### Dataset extract
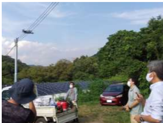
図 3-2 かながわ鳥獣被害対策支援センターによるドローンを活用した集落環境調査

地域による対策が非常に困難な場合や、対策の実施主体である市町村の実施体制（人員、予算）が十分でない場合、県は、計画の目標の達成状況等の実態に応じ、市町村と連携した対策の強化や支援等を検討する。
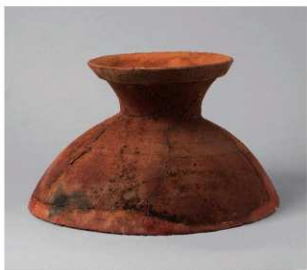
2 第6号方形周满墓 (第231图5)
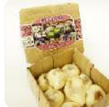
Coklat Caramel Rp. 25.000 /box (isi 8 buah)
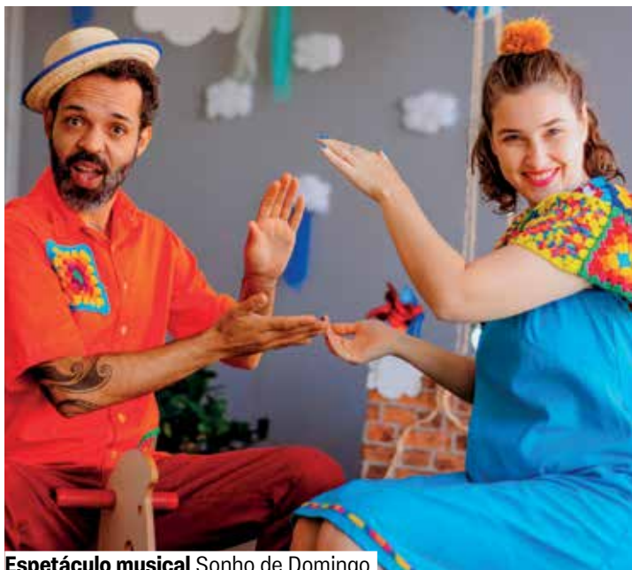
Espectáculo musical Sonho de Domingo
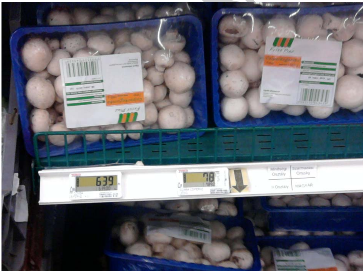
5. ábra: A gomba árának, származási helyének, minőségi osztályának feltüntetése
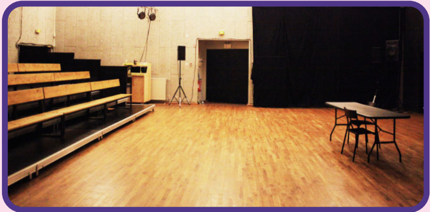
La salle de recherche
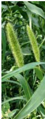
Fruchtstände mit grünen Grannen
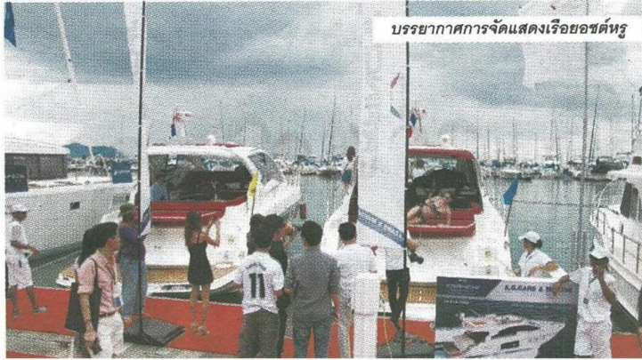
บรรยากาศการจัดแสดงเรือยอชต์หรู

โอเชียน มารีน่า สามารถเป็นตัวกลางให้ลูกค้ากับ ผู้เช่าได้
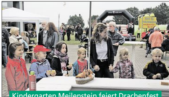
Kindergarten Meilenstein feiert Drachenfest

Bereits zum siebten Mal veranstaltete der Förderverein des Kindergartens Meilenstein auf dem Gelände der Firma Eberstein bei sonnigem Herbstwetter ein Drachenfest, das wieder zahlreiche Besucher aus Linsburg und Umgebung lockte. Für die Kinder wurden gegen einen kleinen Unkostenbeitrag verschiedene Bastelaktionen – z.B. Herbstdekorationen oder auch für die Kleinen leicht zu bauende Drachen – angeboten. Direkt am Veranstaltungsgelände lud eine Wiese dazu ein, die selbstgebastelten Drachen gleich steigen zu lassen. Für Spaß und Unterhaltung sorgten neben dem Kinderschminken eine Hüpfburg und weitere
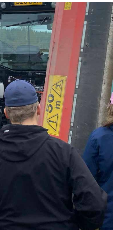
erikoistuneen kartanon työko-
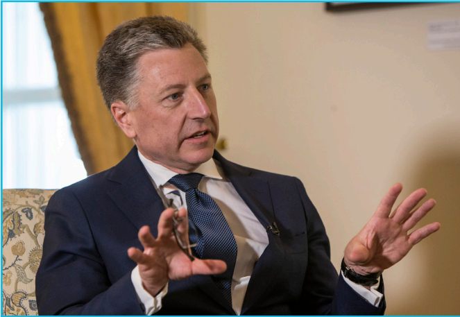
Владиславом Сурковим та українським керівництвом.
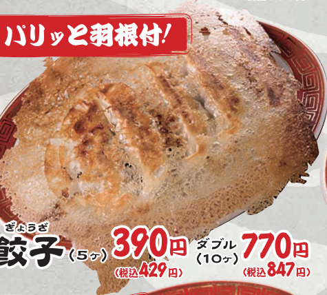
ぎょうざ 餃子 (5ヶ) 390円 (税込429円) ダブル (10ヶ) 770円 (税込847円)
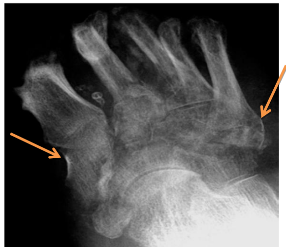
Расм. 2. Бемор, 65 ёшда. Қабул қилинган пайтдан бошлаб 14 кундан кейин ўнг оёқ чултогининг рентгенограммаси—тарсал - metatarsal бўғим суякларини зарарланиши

### Task description
If a line of the data contains the string "Meilenstein", count it; then give the total alone.

### Your response
2